The Night Worker

He slid the door open under the bare light bulb and stepped into the shower. He turned on the water. He picked up the loofah and self-pumiced a swathe of aggression across the surface of his body. He reached for the shampoo. He massaged it into his scalp. He closed his eyes to shut out the foam, and suddenly it was night, a very personal night… There was a stain behind every word whispered around the streets at night and it was, “skin aggro”, “skin aggro”, and it stuck into the consciousness of all of them from the shivering outside and it wrapped around the lintels and the architraves of their doors, slowly wafting in just that bit more every hour, spreading like dust, growing like yeast, slowly plaguing their houses, indecipherable at first but then self-plaiting into discernible letters: “skin aggro”, “skin aggro” and as it got older throughout the night, it sank to the doormat outside and shuffled its way under the weatherboard, almost apologetically, almost wiping its feet before crawling up the hall carpet and into the living room. And the whispers turned to shouts around the drunken midnight watershed and defiant cries spilled through the air, cries of hatred and intolerance, a braying of loud machismo that caused anyone inside to latch and double-bolt their shutters.
They had “aggro” tattooed on the digits of the dominant hand and “skin” on those of the other and the thumb of that hand was removed because it had no purpose, it carried no letter, and a reversible thumb was anathema to their attempts to reverse the evolutionary process. This philosophy was applied equally vigorously to their victims.
They tattooed the eight fingers and the one thumb of those they encountered with an ink-colour that contrasted best with the underlying skin colour of the future carrier. Good taste in these matters was important. After the removal of the other thumb, anaesthetic was offered or refused in sympathy with the recipient’s religious convictions, so that, for instance, no alcohol was applied where it would not be allowed or appreciated. As they carried out their operations, they sang their anthem, their hymn of the changing world order:
“Single thumbs single thumbs domination!
Double thumbs double thumbs subjugation! We’re just scum Soft in the cranium We just exist to fill a vacuum We’re brain-numb Primed for martyrdom But you’re going home without a second thumb!”

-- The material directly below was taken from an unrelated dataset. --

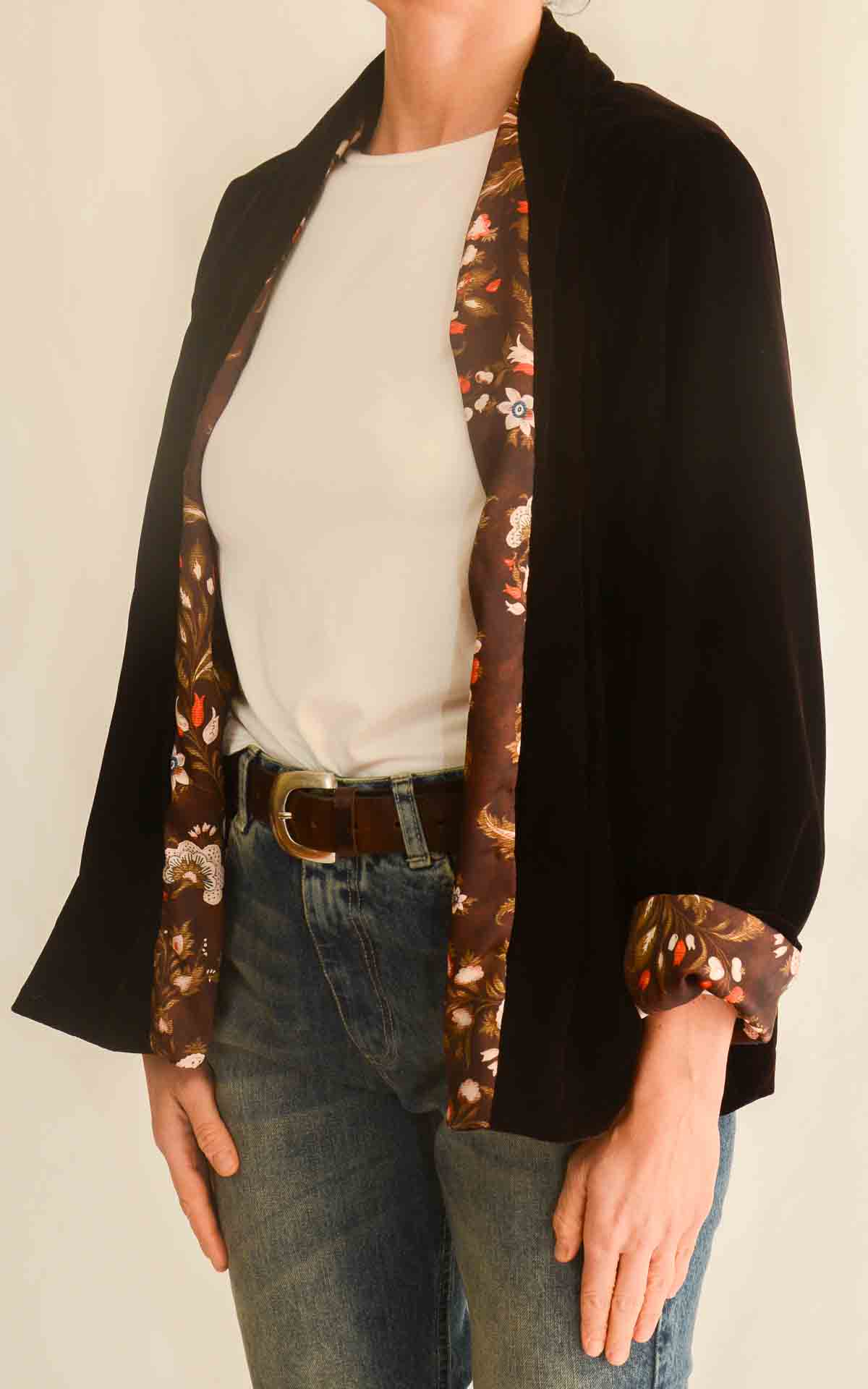 WU’SIDE – Kimono corto velluto rasato – MORO

Then, the area cleared, they moved on to their next “parish.”
Women were always left unmutilated because they might be unclean.

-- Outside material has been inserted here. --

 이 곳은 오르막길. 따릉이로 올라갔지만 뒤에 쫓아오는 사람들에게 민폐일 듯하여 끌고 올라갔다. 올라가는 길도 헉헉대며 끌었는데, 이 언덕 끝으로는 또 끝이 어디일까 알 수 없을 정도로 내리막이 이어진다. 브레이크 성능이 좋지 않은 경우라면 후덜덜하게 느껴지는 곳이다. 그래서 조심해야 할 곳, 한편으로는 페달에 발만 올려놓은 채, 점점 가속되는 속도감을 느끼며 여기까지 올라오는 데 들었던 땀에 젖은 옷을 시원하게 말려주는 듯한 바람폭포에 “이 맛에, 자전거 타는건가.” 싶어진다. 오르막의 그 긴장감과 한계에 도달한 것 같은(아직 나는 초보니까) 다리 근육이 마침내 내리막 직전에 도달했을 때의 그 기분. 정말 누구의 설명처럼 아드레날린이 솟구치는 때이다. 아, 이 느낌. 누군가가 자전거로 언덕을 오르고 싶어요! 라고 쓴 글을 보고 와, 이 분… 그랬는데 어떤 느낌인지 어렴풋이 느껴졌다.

Men were chosen for the best skin colour contrast with whatever stocks of tattoo-ink they had left. They practised economy in everything.
Anyone with fewer then eight fingers and two thumbs was left alone, was in fact swiftly moved away from, crossing the street if necessary.

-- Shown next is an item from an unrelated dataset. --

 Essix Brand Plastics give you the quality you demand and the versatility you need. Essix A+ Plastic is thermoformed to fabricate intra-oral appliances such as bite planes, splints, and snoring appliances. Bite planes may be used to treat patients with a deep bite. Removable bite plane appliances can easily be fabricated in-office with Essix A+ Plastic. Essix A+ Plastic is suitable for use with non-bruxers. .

And when the dark died down, and the dawn blew in, all powdery traces of the night’s events were sucked back out through the front doors and nothing stayed to echo the night except a distant remnant of an equally distant song:
“We’re new monkeys; you’re still gentlemen
But you won’t thumb your nose at us again.”
And it all died down, and it was quiet.
And he rinsed the foam away, opened his eyes, and turned the shower off. He stepped out of the shower, and started dressing for work, at a time that most people were retreating home from the pub. And in the distance, he could hear the familiar homebound refrain:
"There's gonna be a Blacon bust-out.

There's gonna be a Blacon bust-out.
There's gonna be a Blacon bust-out..."
He smiled, and made for the front door.